Osedax japonicus

Scientific classification
- Domain: Eukaryota
- Kingdom: Animalia
- Phylum: Annelida
- Clade: Pleistoannelida
- Clade: Sedentaria
- Order: Sabellida
- Family: Siboglinidae
- Genus: Osedax
- Species: O. japonicus
- Binomial name: Osedax japonicus Fujikura, Fujiwara & Kawato, 2006

= Osedax japonicus =

- Authority: Fujikura, Fujiwara & Kawato, 2006

Species of annelid worm

Osedax japonicus is a species of bathypelagic polychaete tube worm that lives at great depths on the seabed and is able to sustain itself on the bones of a dead whale. It was first described in 2006 from a sunken sperm whale carcase near Kyushu, Japan.

==Discovery==
Scientists from the Monterey Bay Aquarium Research Institute using the submarine ROV Tiburon first discovered worms of the genus Osedax in Monterey Bay, California, in February 2002. The worms were found living on the bones of a decaying gray whale in the Monterey Canyon, at a depth of 2893 m.

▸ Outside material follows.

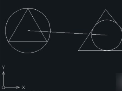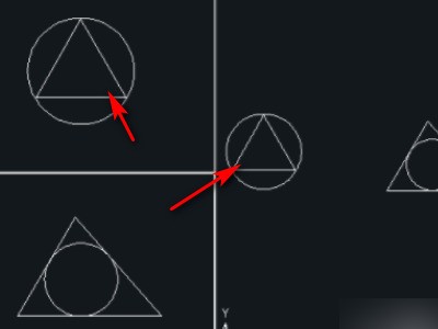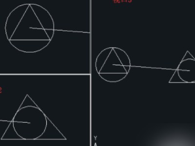 3、鼠标左键单击视口1,绘制圆A的内切迹升物三角形,此时可以看到视口3中圆笑塌A也绘制了一个内切三角形。
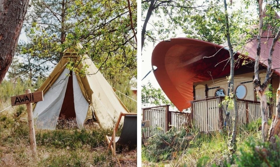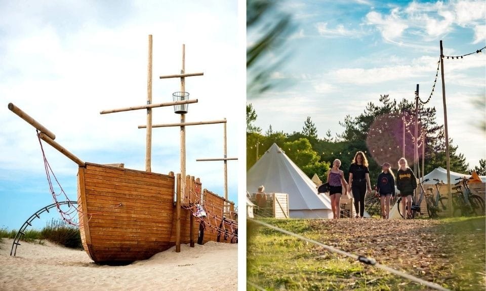 Links: het speelschip. Rechts: moeder loopt met de kinders over het glampingterrein van Laguna Beach.

The discovery caused great excitement among marine biologists, and since then other species of worms of the same genus have been discovered on whale carcases lying in deep water in other parts of the world. Osedax japonicus was first described in 2006 from a sperm whale carcase that fell to the seabed off Kyushu, Japan, settling at a depth of 200 m. Numerous female tube worms were observed but no males were seen.

==Description==
An adult worm has a ringlike crown of feathery plumes which are involved in respiration, a trunk and a rooting structure which contains symbiotic bacteria. It has no digestive system nor a segmental structure as do most worms.

==Behaviour==
When a whale dies, its carcass falls to the seabed. Here it provides a feast for many deep-sea creatures. Worms such as Osedax japonicus make use of the bones when only the skeleton remains. The worms produce a branching network of "roots" that house symbiotic bacteria, which enable the worms to utilise the bones' nutrient content.

The reproduction of Osedax japonicus has been studied. Female worms reach maturity at about six weeks. They secrete mucus to form a tube that surrounds their trunk. Male worms are minute by comparison with the females and they take up residence inside the tubes. The females spawn eggs and retain them in the mucus where they are fertilised by the males. Here they develop for a time before they swim out of the mucus as trochophore larvae. The larvae are then planktonic and can live for at least ten days in the open sea. It seems that if they settle on a suitable vertebrate bone they will develop into female worms but if mature females are already present on the bone, they will develop into males. The vast majority will fail to find any sunken bone.